WRINKLES THE CLOWN: CREEPY DOCO

Send in the clowns.

If you have misbehaving children, Wrinkles the Clown will, for a fee, provide a “behavioural service” to frighten the living crap out of delinquent kids.

The genesis of documentarian Michael Beach Nichols film WRINKLES THE CLOWN was a mysterious video that appeared on the Internet of a clown who emerges from underneath a sleeping female child’s bed. The video went viral and Wrinkles becomes internet lore.

It tapped into a market niche with parents abrogating their parental responsibility to discipline their offspring to a masked grotesque threatening them with abduction, incarceration, cannibalism and death.

Paying money to monster minors could amount to child abuse, but kids kind of like being creeped out, so who is to say its all part of cultural conditioning rather than molestation.

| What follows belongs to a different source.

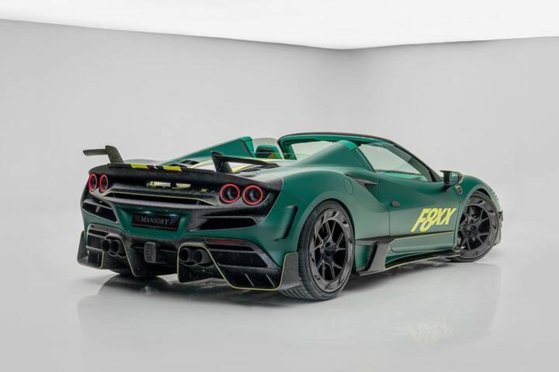 حدود یک سال پس از معرفی فراری F8 تریبوتو تیون شده توسط منصوری، این شرکت نسخه F8XX از مدل F8 اسپایدر را نیز معرفی کرده است. همانطور که انتظار میرفت این خودرو نیز به اندازه برادر کوپهاش وحشی به نظر میرسد. پکیج آئرودینامیکی بکار رفته در F8XX اسپایدر مشابه برادر کوپه بوده و بنابراین در بخش جلو اسپلیتر فیبر کربنی و تیغههای جدید اطراف جلوپنجره را میبینیم. همین تریم کربن فورج کاری شده در زیر چراغهای جلو نیز بکار رفته و یک جفت ورودی کوچک هم در طرفین سپر دیده میشوند.
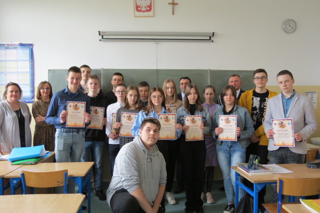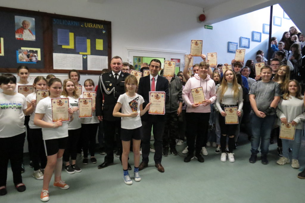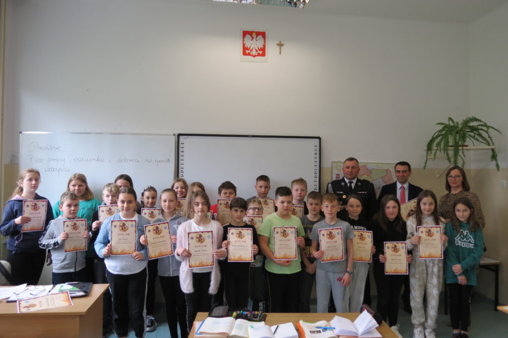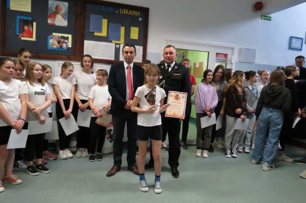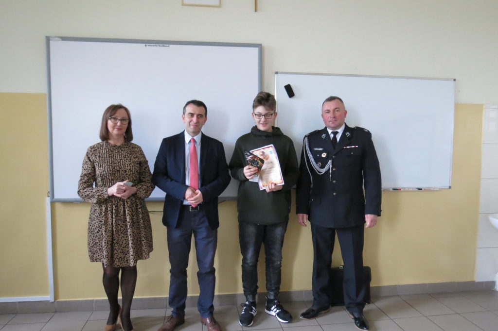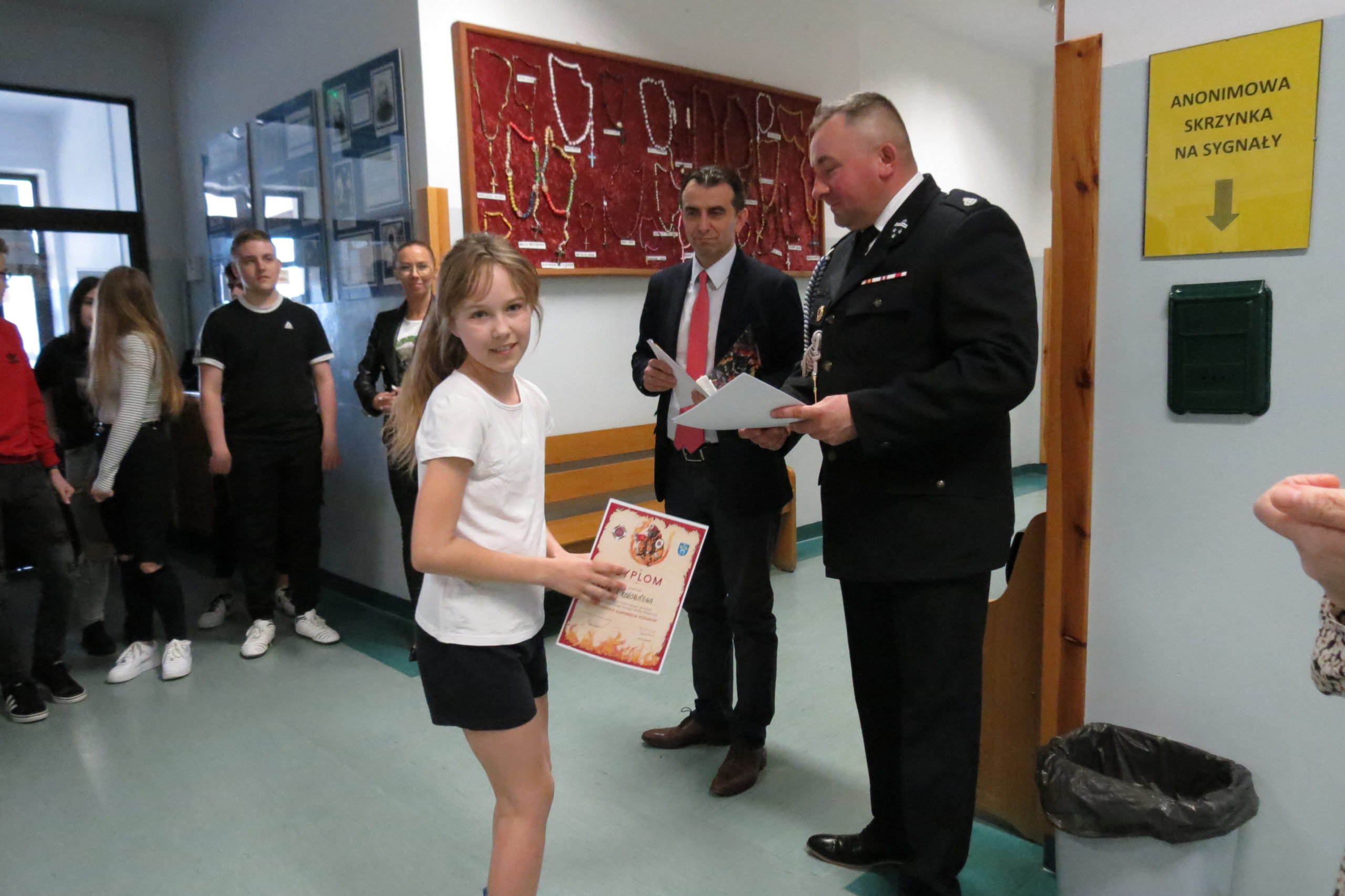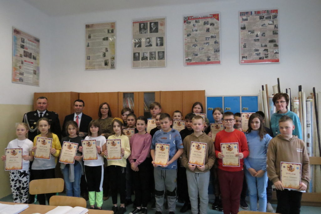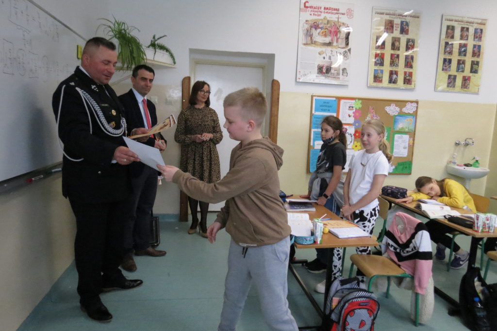 Wręczenie nagród uczestnikom gminnego etapu konkursu odbyło się we wtorek, 26 kwietnia. Dyplomy otrzymali wszyscy uczniowie biorący udział w eliminacjach, a zwycięzcy reprezentujący gminę Łabunie na etapie powiatowym – również statuetki. Wręczali je: Wójt Gminy Łabunie – Mariusz Kukiełka oraz Komendant Gminny OSP – Paweł Mróz.

Interviews with folklorists illustrate the fascination with creepy clowns going back centuries, Mr. Punch being somewhat of a prototype, and film clips from popular movies such as Poltergeist, It, and the various incarnations of Joker in the Batman films further cement our attraction to, and appetite for, the face painted malevolent prankster.

While Michael Beach Nichols interviews the person purporting to be Wrinkles, photographed in shadow and voice distorted, he also uses an actor to portray the clown, re-enacting appearances as an aid to explore visually the phenomenon and myth behind the mask.

Now if the film could just scare those couch potato, screen surfing, soft drink swilling fat kids that eat up the cult of the creepy clown off their arses, WRINKLES HE CLOWN would serve as a genuine behavioural service as espoused by the menacing mummer.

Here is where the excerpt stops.